#### Task instructions
What is needed is an exact reproduction of the lines in the records below, starting at the line with "Credit: View of" and ending at the line with "不但避免了食材交叉感染,而且", both included, and nothing else; pictures stay out.

#### Task inputs

####################

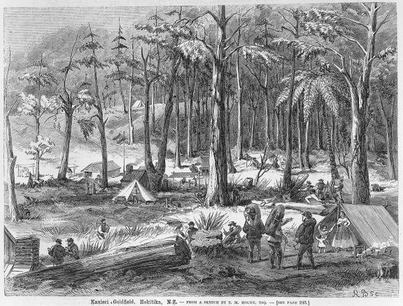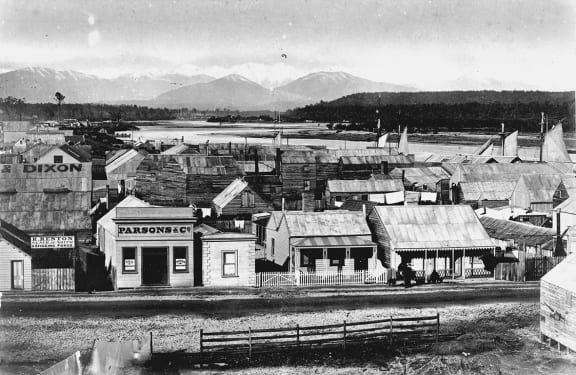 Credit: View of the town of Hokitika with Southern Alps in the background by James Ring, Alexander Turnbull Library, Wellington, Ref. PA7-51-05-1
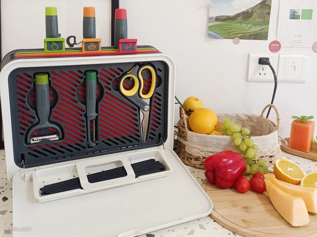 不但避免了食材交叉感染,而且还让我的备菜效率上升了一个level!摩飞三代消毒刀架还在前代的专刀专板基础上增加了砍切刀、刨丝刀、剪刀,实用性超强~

####################

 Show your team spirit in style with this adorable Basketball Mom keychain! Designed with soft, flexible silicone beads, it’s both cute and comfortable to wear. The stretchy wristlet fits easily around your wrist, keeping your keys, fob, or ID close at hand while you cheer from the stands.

####################

#### Task response
 Credit: View of the town of Hokitika with Southern Alps in the background by James Ring, Alexander Turnbull Library, Wellington, Ref. PA7-51-05-1
 不但避免了食材交叉感染,而且还让我的备菜效率上升了一个level!摩飞三代消毒刀架还在前代的专刀专板基础上增加了砍切刀、刨丝刀、剪刀,实用性超强~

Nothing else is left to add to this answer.